Targeted Power Plugin
Overview
The Targeted Power plugin is part of the level 3 and higher tests. Its goal is to drive a GPU towards TDP power usage and sustain that throughout the test in order to ensure that the GPU can perform under a power load. This is achieved by using matrix sizes and gemms that are emprically determined to sustain the required power load on the GPU.
Test Description
This test’s core purpose is to sustain a high level of power usage. It relies on CUDA and performs large matrix multiplications simultaneously on each GPU in order to keep the GPUs busy and drawing power.
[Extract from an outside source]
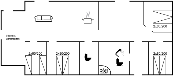 Das Haus verfügt über vier Schlafzimmer, einen großen Küchen- und Aufenthaltsbereich sowie ein Wohnzimmer mit Kaminofen und Sofaecke. In einem der beiden Badezimmer findest du einen Whirlpool, in dem du entspannen und die Massagefunktionen genießen kannst.
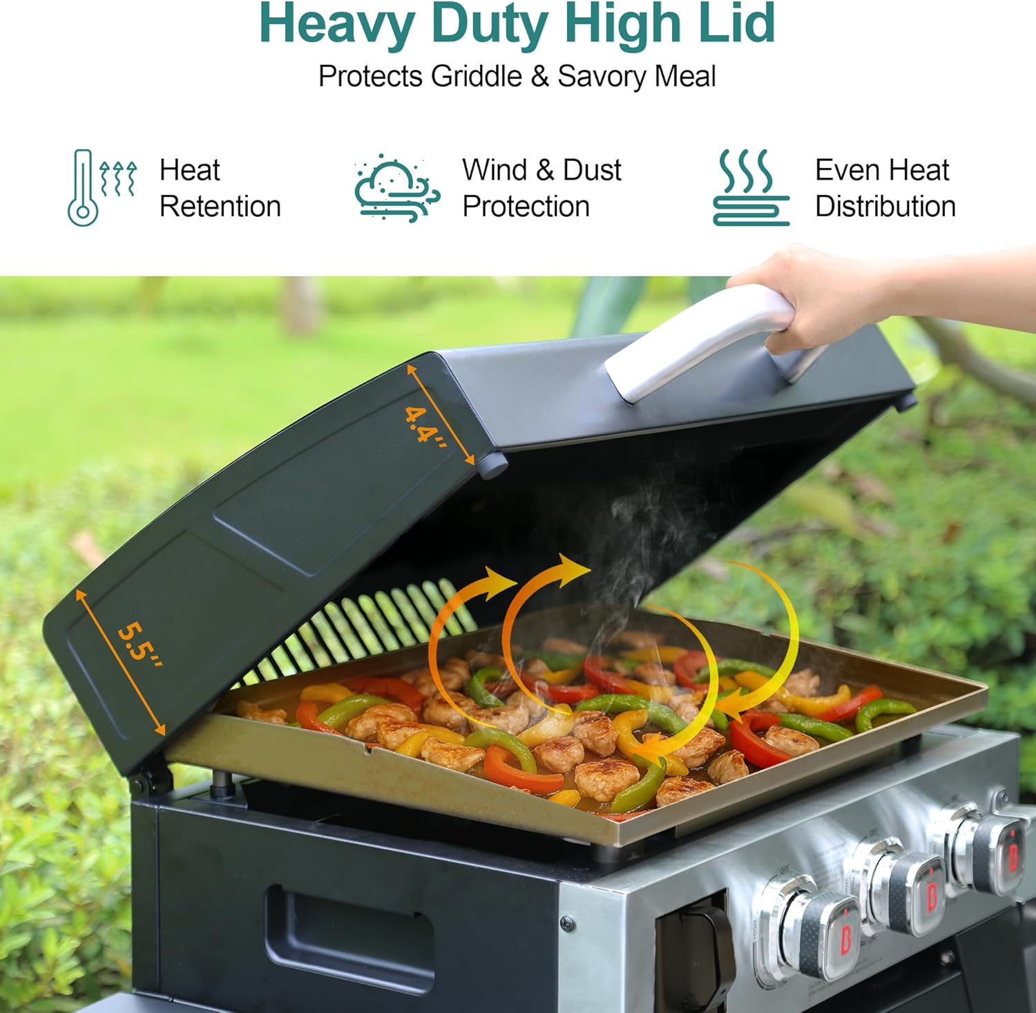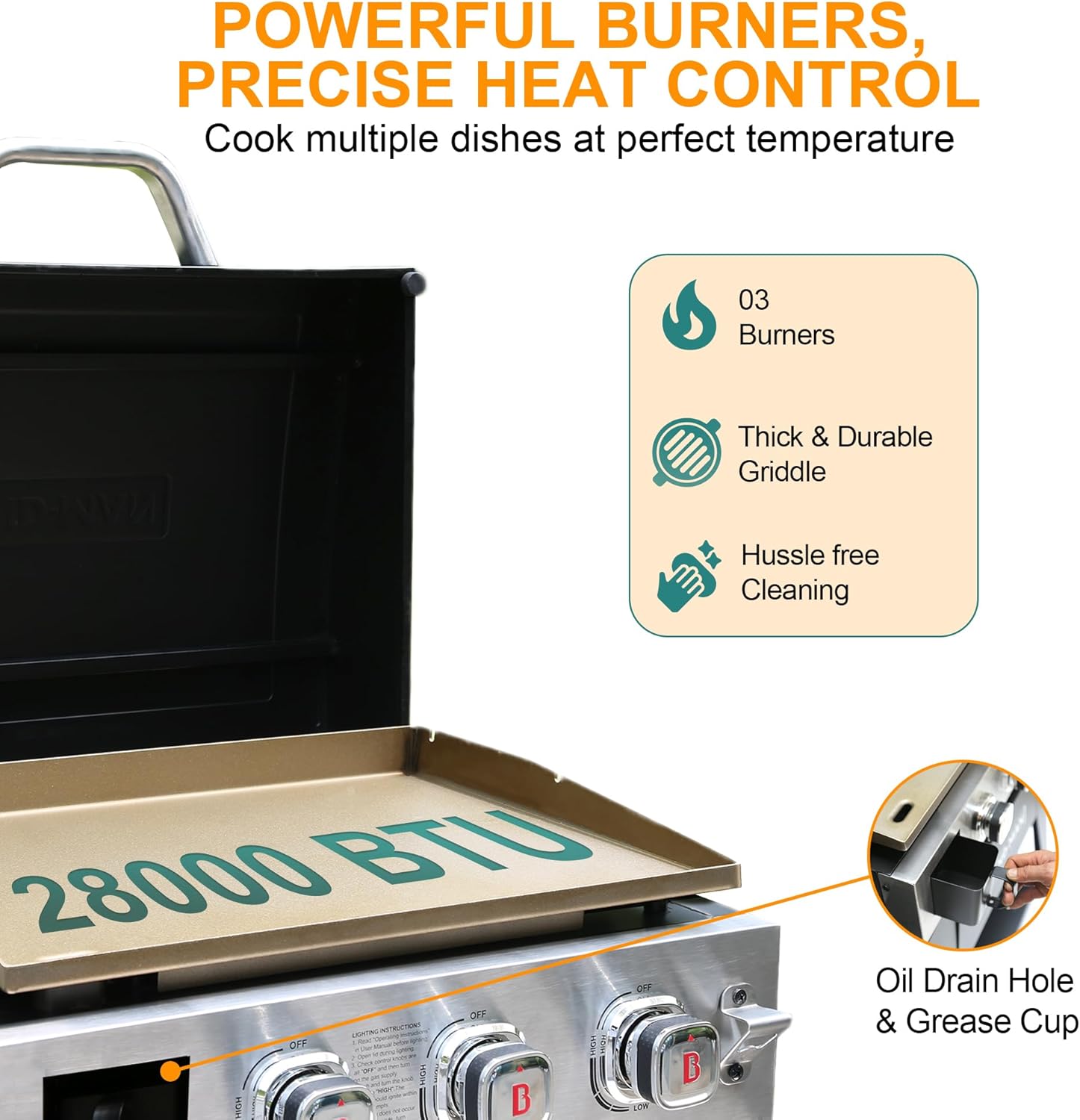 - Execellent Heat Control: 3 stainless steel burners with total 28,000 BTUs meet all outdoor cooking needs, and heighten grill body help reduce heat flow out during cooking to avoid scalding

Each GPU has a large workload that is sustained throughout the test; the workload does not pulse.
Supported Parameters
The following table lists the global parameters for the targeted power plugin:
Parameter Name |
Type |
Default |
Description |
|---|---|---|---|
test_duration |
Double |
120.0 |
This is the time in seconds that the test should run. |
target_power |
Double |
Defaults to the GPU’s Thermal Design Power (TDP) - 1. For example, a GPU with a max power draw of 400.0 W would have a target of 399.0 watts. |
This is the target power that the test is attempting to achieve for this device. |
target_power_min_ratio |
Double |
75.0 |
The minimum percentage of the target power that must be reached for the test to be considered passing. |
use_dgemm |
Bool |
True |
If set to true, the test will use 64 bit precision in its matrix multiplications instead of 32 bit. |
is_allowed |
Bool |
False |
Specifies whether or not this test is allowed to run. |
Sample Commands
Run the power test for 10 minutes:
$ dcgmi diag -r targeted_power -p targeted_power.test_duration=600.0
Run the level 3 diagnostic with a 5 minute targeted power test:
$ dcgmi diag -r 3 -p targeted_power.test_duration=300.0
Run the target power test targeting 200 W of power usage:
$ dcgmi diag -r targeted_power -p targeted_power.target_power=200.0
Run the level 4 test, skipping targeted power:
$ dcgmi diag -r 4 -p targeted_power.is_allowed=false
Run the targeted power test, using single precision (32 bit):
$ dcgmi diag -r targeted_power -p targeted_power.use_dgemm=false
Failure Conditions
The test will fail if we cannot reach at least target_power_min_ratio (75% by default) of the target_power (TDP - 1 by default) during the test.
The test will fail if unrecoverable memory errors, temperature violations, or XIDs occur during the test.